А с какой стати она будет против, когда все вокруг, без исключения, требуют от неё именно того, чтобы она стала другой, а не такой как сейчас? Хотели? Получите, распишитесь! Сдачи не надо!
Сложно с нашим Палатенчиком, чертовски сложно. И ей тоже непросто находиться в постоянном стрессе. Имея память о том, как её уважали, слушали, рукоплескали и как ей восторгались, оказаться в ситуации ребенка, которому в ответ на любую хотелку следует отказ. Особенно ребенку, который просто не может понять, из-за чего должен держать себя в узде. Не хочет этого понимать. Так что как здесь закончу – попрусь в наш институт по отлову крупного рогатого скота, помогать Веронике пинать эту полупрозрачную бараниху…
Внезапно, чуть не заставив меня проглотить сигарету, в парке образовалась девочка. Точнее «собралась» из множества быстро прилетевших кусочков, сиявших зеркальными гранями. Буквально так – брык-брык-брык, и здрасти!

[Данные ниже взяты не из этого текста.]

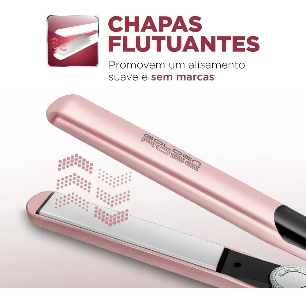 Essa chapinha é perfeita!! quase comprei a black rose, mas eu vi o vídeo da carol kyoko falando super bem da golden rose e decidi comprar. A diferença entre elas é que a golden você controla a temperatura. Na temp 160 já ficou ótimo e nem tem necessidade de ligar no máximo em cabelo fino. Meu cabelo é liso e está fragilizado por conta de um corte químico em uma mecha bem no topo, consegui tirar o volume do resto do cabelo e igualar e nem parece que tem uma mechona quebrada. Estou muito feliz com a aquisição e vou voltar a sair sem ficar com medo de debocharem do cabelo quebrado. Pode confiar que é muito boa mesmo.

Стоит такая в трусах и майке пронзительно домашних, непричесанная, глаза светятся восторгом, озирается по сторонам… А рученьки? Вот они рученьки-то…
Ребенок не успел чихнуть (а ведь собиралась), как я уже легонько бросил комок слизи ей прямо в личико. Дальше прямо как по заказу – человек, ощутивший, что в лицо что-то попало мягкое и теплое, тут же принимается это мацать, склеивая себе пальчики. Взрослый бы еще что-то сделал, но вот дохлячий ребенок? Не, не в этой жизни.

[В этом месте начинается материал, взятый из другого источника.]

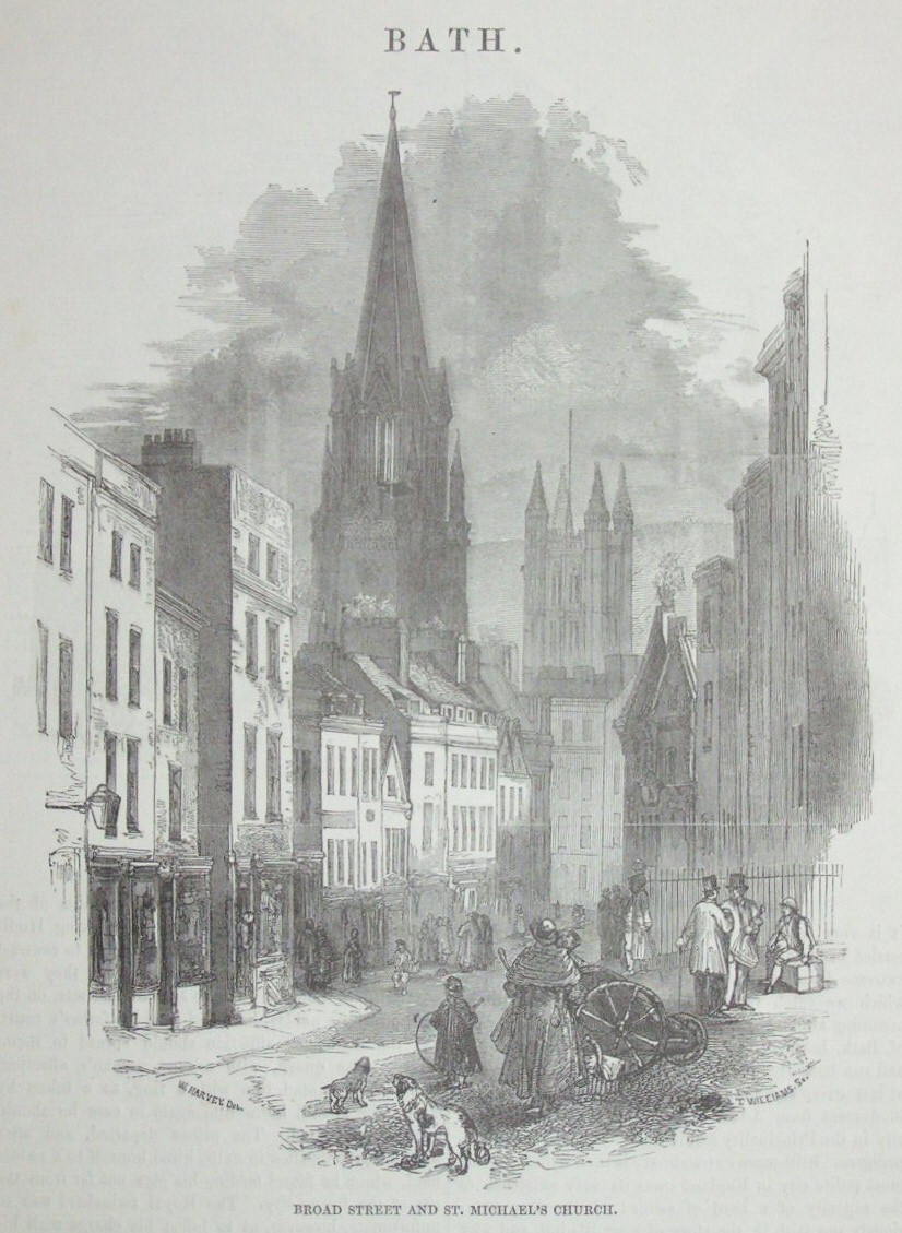 Antique Wood - "Broad Street and St.Michael's Church." by T Williams after W Harvey.

– Ммм!! Мнмнмнмм!! – сказала кому-то испуганная девочка.
– Ну-ну, – успокаивающе заявил я, аккуратно подходя к ней поближе и принимаясь с определенной опаской чистить хулиганке нос. Та пыталась затруднить мне работу, пытаясь еще проковырять дырку во рту, но это было лишнее, поэтому она и получила шлепок по заднице.

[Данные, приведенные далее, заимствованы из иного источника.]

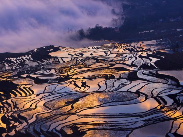 Wallpaper Rice fields in China on the hillside
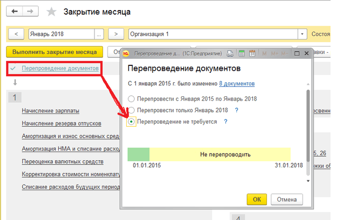 Например, бухгалтер исправил или перепровёл поступление денег на расчётный счёт, который фиксировал поступление аванса. В итоге нарушаются взаиморасчёты с контрагентом по данному договору, что может привести к неверному исчислению НДС. Или другая ситуация, когда срочно нужно закрыть периoд, а программа начинает требовать перепровести и закрыть предыдущие месяцы. Что делать в такой ситуации? Если мы уверены, что у нас в программе всё верно и нежелательно в данный момент перепроводить все документы, можно «обмануть» программу, заставив её думать, что прошлый период закрыт верно и перепроводить там ничего не нужно. Для этого в последних релизах 1С:Бухгалтерии 8 ред. 3.0 можно нажать на данную операцию и выбрать нужный вариант перепроведения: за весь предлагаемый период, только документы текущего месяца или вовсе ничего не перепроводить для ускорения процесса закрытия месяца (рис. 1).
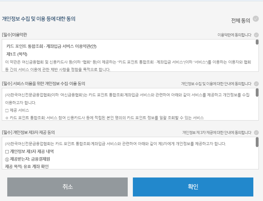 5. 카드 포인트 통합조회 이용을 위한 위임 동의

– Стой тихо, – велел я ей, – А потом просто дыши. Всё в порядке.
– Мнм?! – усомнилась девочка.
– Ни ссы, Маруся, я Дубровский, – зачем-то схохмил я, продолжая работать над подачей кислорода.
Все кончилось быстро и хорошо. То есть девочка задышала, а затем была подхвачена мной под пузо и оттранспортирована…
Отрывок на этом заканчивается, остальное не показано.